» WHAT THE TASK ASKS
Below are some records. Return exactly their lines from the one containing "Drumhellers best hidden" through the one containing "OJBSEN iPhone 17", and drop the pictures.

DATA SHOWN Start Marker

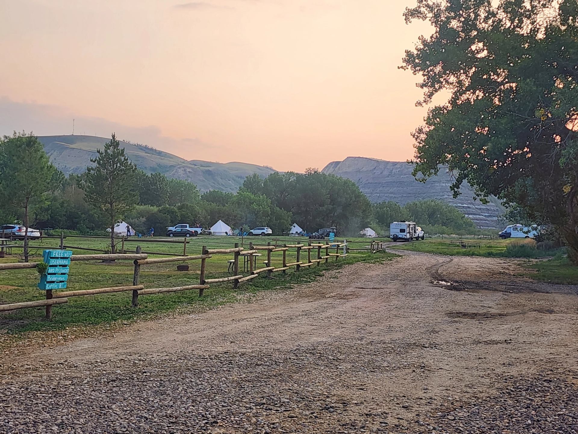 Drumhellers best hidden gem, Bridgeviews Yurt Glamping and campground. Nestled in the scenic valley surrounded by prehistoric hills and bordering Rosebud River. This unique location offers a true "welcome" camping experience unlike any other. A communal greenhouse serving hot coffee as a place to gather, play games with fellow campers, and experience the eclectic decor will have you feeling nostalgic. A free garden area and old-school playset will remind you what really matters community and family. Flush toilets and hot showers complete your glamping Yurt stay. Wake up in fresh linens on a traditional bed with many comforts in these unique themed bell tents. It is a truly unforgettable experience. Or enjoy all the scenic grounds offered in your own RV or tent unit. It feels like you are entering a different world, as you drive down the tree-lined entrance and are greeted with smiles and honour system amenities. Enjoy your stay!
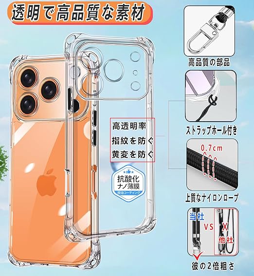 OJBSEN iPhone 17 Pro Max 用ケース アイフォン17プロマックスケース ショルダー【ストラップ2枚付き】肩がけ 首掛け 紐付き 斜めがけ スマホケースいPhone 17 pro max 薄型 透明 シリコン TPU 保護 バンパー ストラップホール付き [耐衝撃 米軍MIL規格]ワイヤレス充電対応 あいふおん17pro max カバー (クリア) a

DATA SHOWN End Marker
DATA SHOWN Start Marker

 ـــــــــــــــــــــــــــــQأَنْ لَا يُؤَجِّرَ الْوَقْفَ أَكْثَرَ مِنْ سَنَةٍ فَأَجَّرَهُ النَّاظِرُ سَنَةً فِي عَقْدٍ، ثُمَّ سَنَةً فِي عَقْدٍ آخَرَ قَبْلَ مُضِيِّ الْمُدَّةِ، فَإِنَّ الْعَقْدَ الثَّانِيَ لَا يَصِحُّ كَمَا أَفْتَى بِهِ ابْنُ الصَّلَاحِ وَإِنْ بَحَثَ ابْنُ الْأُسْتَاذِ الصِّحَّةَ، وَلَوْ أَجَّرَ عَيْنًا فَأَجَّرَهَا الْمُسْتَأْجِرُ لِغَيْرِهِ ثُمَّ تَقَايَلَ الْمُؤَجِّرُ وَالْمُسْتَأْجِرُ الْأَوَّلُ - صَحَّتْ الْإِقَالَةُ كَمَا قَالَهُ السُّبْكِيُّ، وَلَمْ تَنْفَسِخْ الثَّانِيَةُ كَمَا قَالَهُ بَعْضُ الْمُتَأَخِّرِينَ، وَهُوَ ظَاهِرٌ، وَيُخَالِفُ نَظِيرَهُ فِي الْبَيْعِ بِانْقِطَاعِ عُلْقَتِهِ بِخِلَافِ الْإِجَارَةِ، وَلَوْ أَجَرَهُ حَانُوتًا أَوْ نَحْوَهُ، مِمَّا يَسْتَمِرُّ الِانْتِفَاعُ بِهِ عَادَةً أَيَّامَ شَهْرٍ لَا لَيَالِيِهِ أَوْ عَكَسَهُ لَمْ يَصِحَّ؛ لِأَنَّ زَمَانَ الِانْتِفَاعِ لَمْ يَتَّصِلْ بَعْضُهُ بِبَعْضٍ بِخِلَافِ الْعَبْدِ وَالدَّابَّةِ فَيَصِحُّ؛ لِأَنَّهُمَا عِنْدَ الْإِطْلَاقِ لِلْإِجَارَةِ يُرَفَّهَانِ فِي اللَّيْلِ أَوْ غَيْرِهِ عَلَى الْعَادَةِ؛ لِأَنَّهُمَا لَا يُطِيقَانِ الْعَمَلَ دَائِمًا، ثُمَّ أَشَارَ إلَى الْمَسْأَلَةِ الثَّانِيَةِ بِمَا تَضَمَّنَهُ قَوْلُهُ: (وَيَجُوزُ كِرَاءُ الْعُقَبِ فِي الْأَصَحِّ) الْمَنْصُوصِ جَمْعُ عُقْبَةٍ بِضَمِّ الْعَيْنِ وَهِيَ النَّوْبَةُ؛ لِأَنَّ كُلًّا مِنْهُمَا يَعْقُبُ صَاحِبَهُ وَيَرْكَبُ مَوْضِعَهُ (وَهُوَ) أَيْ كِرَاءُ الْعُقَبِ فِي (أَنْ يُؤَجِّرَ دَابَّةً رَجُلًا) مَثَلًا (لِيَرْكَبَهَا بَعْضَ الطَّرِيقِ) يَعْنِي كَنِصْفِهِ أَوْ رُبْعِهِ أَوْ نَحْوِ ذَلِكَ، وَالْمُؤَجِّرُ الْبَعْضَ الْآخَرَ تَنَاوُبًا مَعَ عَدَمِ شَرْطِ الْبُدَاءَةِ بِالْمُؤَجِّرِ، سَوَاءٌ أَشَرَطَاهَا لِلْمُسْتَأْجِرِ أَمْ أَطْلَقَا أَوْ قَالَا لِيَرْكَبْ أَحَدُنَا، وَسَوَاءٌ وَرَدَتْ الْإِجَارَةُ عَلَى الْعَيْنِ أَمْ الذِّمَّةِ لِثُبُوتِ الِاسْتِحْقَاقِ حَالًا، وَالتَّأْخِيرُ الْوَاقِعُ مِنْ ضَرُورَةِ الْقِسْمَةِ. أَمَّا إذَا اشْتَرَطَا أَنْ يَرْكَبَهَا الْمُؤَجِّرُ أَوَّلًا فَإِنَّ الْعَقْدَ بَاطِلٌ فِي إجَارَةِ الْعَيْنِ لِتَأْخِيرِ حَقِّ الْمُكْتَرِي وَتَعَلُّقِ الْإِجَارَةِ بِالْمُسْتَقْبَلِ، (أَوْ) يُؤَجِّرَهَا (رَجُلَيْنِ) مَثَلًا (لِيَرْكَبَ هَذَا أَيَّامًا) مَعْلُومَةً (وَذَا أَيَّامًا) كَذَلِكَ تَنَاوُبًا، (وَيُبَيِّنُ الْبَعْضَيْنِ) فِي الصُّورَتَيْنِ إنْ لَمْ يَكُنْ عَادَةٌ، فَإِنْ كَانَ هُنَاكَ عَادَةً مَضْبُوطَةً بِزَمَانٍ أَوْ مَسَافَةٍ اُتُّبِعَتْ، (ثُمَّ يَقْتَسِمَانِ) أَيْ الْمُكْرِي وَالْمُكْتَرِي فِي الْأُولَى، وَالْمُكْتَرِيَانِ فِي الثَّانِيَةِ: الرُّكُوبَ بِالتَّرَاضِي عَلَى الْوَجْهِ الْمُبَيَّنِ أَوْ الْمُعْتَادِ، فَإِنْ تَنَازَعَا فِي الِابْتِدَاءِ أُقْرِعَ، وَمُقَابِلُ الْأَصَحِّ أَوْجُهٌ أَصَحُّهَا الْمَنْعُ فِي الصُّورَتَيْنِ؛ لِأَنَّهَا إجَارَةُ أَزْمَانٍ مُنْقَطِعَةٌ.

DATA SHOWN End Marker
DATA SHOWN Start Marker

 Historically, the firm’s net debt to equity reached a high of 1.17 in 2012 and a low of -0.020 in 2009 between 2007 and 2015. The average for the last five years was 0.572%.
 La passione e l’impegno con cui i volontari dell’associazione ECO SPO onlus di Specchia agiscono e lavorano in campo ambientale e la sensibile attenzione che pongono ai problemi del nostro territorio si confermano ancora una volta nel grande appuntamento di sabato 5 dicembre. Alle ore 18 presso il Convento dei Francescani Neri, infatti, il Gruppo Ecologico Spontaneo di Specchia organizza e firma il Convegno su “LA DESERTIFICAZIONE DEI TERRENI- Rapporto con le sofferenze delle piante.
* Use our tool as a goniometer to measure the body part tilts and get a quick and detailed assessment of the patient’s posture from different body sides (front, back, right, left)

DATA SHOWN End Marker

» OUTPUT
 Drumhellers best hidden gem, Bridgeviews Yurt Glamping and campground. Nestled in the scenic valley surrounded by prehistoric hills and bordering Rosebud River. This unique location offers a true "welcome" camping experience unlike any other. A communal greenhouse serving hot coffee as a place to gather, play games with fellow campers, and experience the eclectic decor will have you feeling nostalgic. A free garden area and old-school playset will remind you what really matters community and family. Flush toilets and hot showers complete your glamping Yurt stay. Wake up in fresh linens on a traditional bed with many comforts in these unique themed bell tents. It is a truly unforgettable experience. Or enjoy all the scenic grounds offered in your own RV or tent unit. It feels like you are entering a different world, as you drive down the tree-lined entrance and are greeted with smiles and honour system amenities. Enjoy your stay!
 OJBSEN iPhone 17 Pro Max 用ケース アイフォン17プロマックスケース ショルダー【ストラップ2枚付き】肩がけ 首掛け 紐付き 斜めがけ スマホケースいPhone 17 pro max 薄型 透明 シリコン TPU 保護 バンパー ストラップホール付き [耐衝撃 米軍MIL規格]ワイヤレス充電対応 あいふおん17pro max カバー (クリア) a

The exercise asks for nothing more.